The problem with defaulting to generic NPC blocks for many of the humanoids (especially playable ones) is they all become vanilla. Yes, I can re-skin, but that's putting the onus on me.

Species-specific statblocks allow you to introduce flavor - e.g., a drow guard having unique abilities different than what a drow PC would have. It allows you to explore factions and different societies/backgrounds. In short, you can diversify NPC characteristics instead of everyone having one set of vanilla stats with some species-specific traits tacked on for every humanoid guard in the game.

Again, I know this is something the DM can do, but why not provide at least a handful of these to spur on the creative process?

The issue is you get orc guard, elf guard, goliath guard, aasimar guard, etc, etc. That ends up a lot of redundant statblocks.
 


The problem with defaulting to generic NPC blocks for many of the humanoids (especially playable ones) is they all become vanilla. Yes, I can re-skin, but that's putting the onus on me.

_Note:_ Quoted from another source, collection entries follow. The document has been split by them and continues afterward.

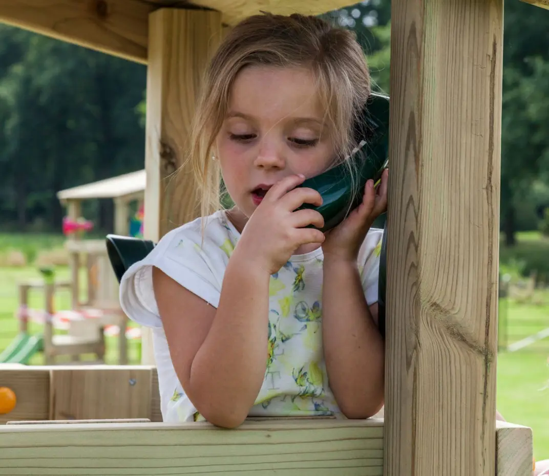 Deze groene telefoon is een leuke accessoire voor het speeltoestel! Het indrukken van de toetsen van deze telefoon geeft een echt rinkelgeluid. De telefoon wordt geleverd inclusief bevestigingsmateriaal en is eenvoudig te monteren.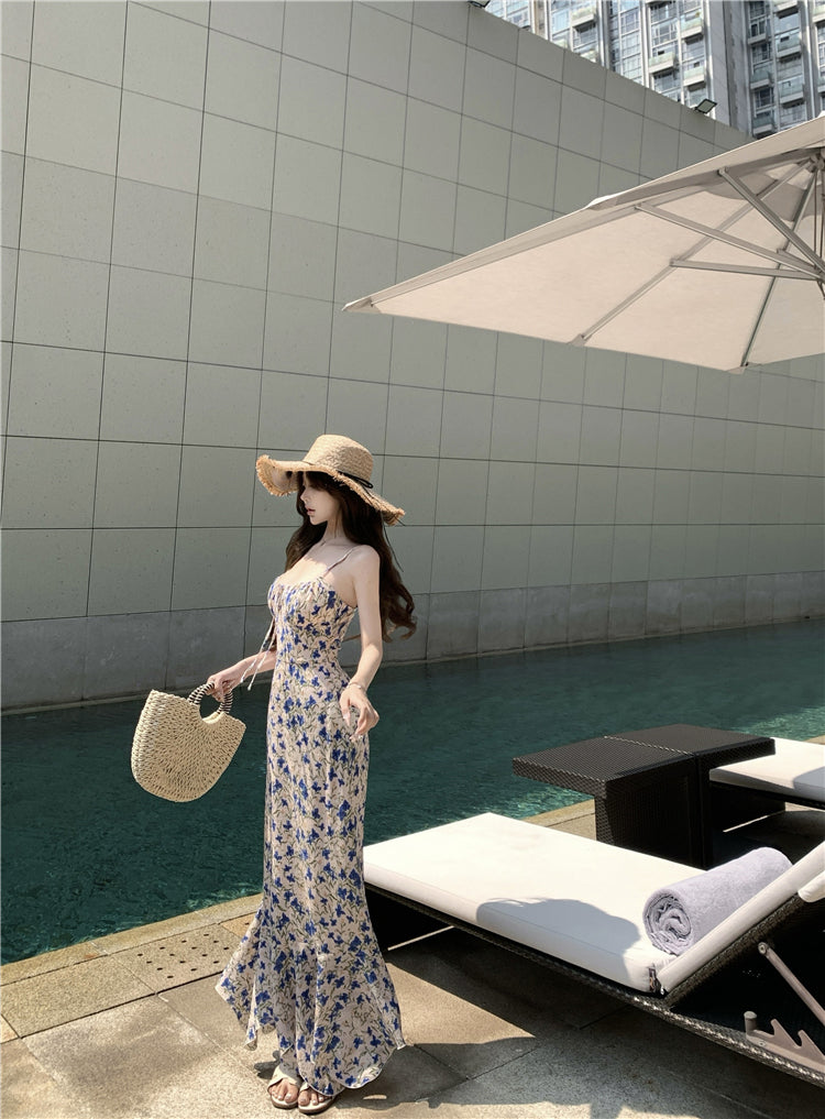 Tea break floral suspender dress gentle temperament waist slim fit A-line skirt R0499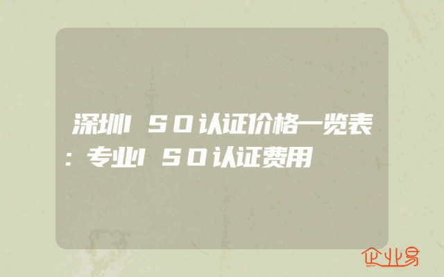 - 深圳ISO认证价格一览表:专业ISO认证费用
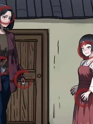 2、找出诡异地方后进入剧情来到屋外找出母女两个人的不对劲地方。妹妹的影子和她诡异的笑容以及她那超长的指甲;母亲红色的眼睛,手上的血和腰间的菜刀。

Species-specific statblocks allow you to introduce flavor - e.g., a drow guard having unique abilities different than what a drow PC would have. It allows you to explore factions and different societies/backgrounds. In short, you can diversify NPC characteristics instead of everyone having one set of vanilla stats with some species-specific traits tacked on for every humanoid guard in the game.

Again, I know this is something the DM can do, but why not provide at least a handful of these to spur on the creative process?
If your orc warrior and genasi warrior that use the exact same stat block are "vanilla" . . . it's not the stat block that is the problem.

Sure, it's cool to spice up the stat block a bit by maybe adding levitate to the genasi, but the real flavor should come from the narrative. IMO.

For combat, there isn't much difference between a genasi warrior and an orc warrior. Using the same stat blocks works just fine. Again, IMO.
 

The issue is you get orc guard, elf guard, goliath guard, aasimar guard, etc, etc. That ends up a lot of redundant statblocks.
What happened to the Orc Drudge, Orc War Chief, Orc Eye of Gruumsh, Orog, Orc Blade of Ilneval, Orc Claw of Luthic, Orc Raider, Orc Bloodrager, Orc Berserker...etc?
 

Sure, it's cool to spice up the stat block a bit by maybe adding levitate to the genasi, but the real flavor should come from the narrative. IMO.

For combat, there isn't much difference between a genasi warrior and an orc warrior. Using the same stat blocks works just fine. Again, IMO.
Seems like we've already forgotten why people appeared to like the 4e monster stat blocks....I'm pretty sure it wasn't because of the narrative.